Why do we laugh? New study considers possible evolutionary reasons behind this very human behaviour
https://theconversation.com/why-do-we-laugh-new-study-considers-possible-evolutionary-reasons-behind-this-very-human-behaviour-190193

長年赤ちゃんの泣き声や笑い声の意味について研究してきたイタリア・シエナ大学の小児科学教授のカルロ・ベリーニ氏は、そもそも人間はなぜ笑うのかを解明すべく、過去10年間に発表された笑いに関する文献100件以上に目を通しました。その結果、笑いは人類が生き残りをかけた自然淘汰(とうた)の中で獲得してきたものであり、社会が高度に発展する前から培われてきた重要な行動であることが分かってきたとのこと。


笑いが起きるメカニズムについてのメジャーな学説の中には、単一の状況の中に相反する事柄が存在していることが笑いを誘うという「不調和説(Incongruity theory)」があります。しかし、例えば「都会に突然虎が出現した」というような場合も相反する事柄に該当するものの、もし実際に街角で虎に出くわしたら面白さより恐怖が先に来るように、不調和だけでは笑いを説明することはできません。

この足りないものについてベリーニ氏は、「笑うためには、その出来事が無害である必要がある」と指摘しています。つまり、「都会に出現した虎がゴムボールのようにぽよんぽよんと跳ねはじめた」という具合に、笑いには大前提として自分の身の安全が不可欠だということになります。

このことからベリーニ氏は、悲鳴に危険を知らせる警報の役割があるように、笑いにも状況が安全であることを周囲に知らせる役割があるのではないかと分析。笑いに至るプロセスには奇妙な出来事を見つける「困惑とパニック」、その困惑や心配が解消される「解決」、安全を確認した観測者が笑い声を上げることで周囲の仲間に危険ではないことを知らせる「安心」の3つの段階が必要であると説明しました。

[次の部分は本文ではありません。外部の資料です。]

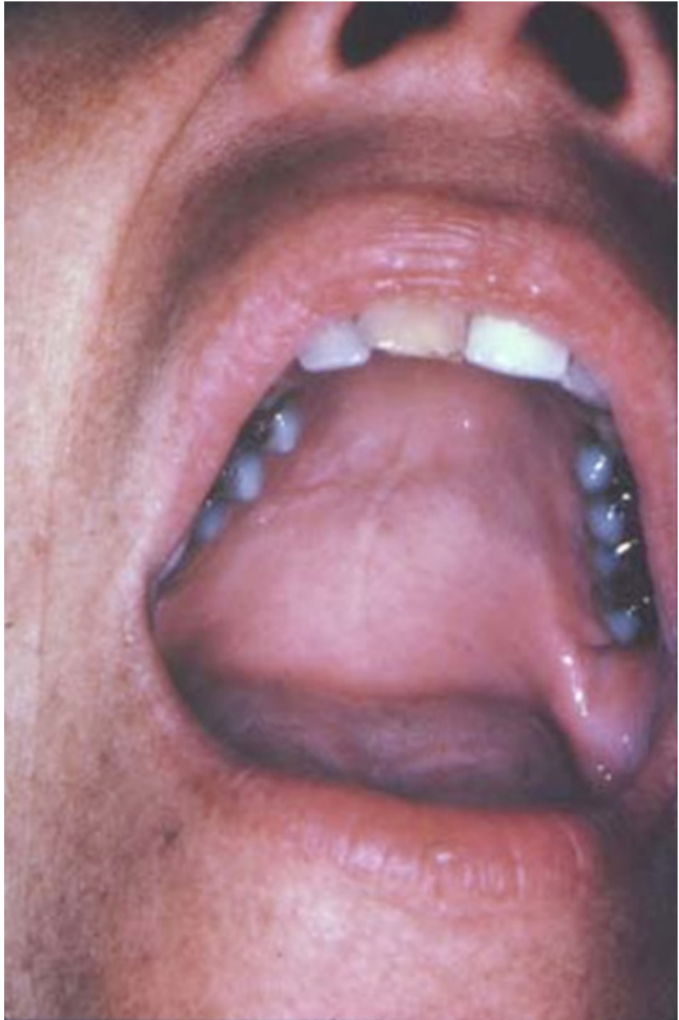
Media file 4: Nine weeks. Salivary gland infarction (same patient as in Media Files 1-3).

また、笑いが人から人へとしばしば伝染することや、笑いには人を社交的にして団結を促すこと、恐怖や心配事を解消する効果があることも、ベリーニ氏の考えを裏付ける根拠としてあげられています。


笑いには、周囲に闘争・逃走反応の必要がないことを知らせる以外にも、さまざまな効果があります。

笑いを制御する脳の領域では感情や恐怖、不安なども制御されているため、笑いの解放はストレスや緊張を緩和させ安心感をもたらします。また、ピエロの装いをした療法士が病院の患者を訪れる「Clown Care」が海外で実施されていたり、日本でも笑い療法士が活躍していることからも分かるとおり、ユーモアには血圧を安定させたり免疫力を安定させたりするという肉体的な効果があるほか、不安感やうつの症状を緩和するのに役立つメンタル面での効果も期待できます。

このように、さまざまなメリットがある笑いについてベリーニ氏は、「人は笑うことで気分が上向きになって幸福感を感じられます。これは、進化の観点から見ると笑いが危険を察知し自己防衛するという重要な機能につながっているからだと思います。ですから、今でも人は危険な目に遭ってからぷっつりと緊張の糸が切れると、思わず笑ってしまうことがあるのです」と述べました。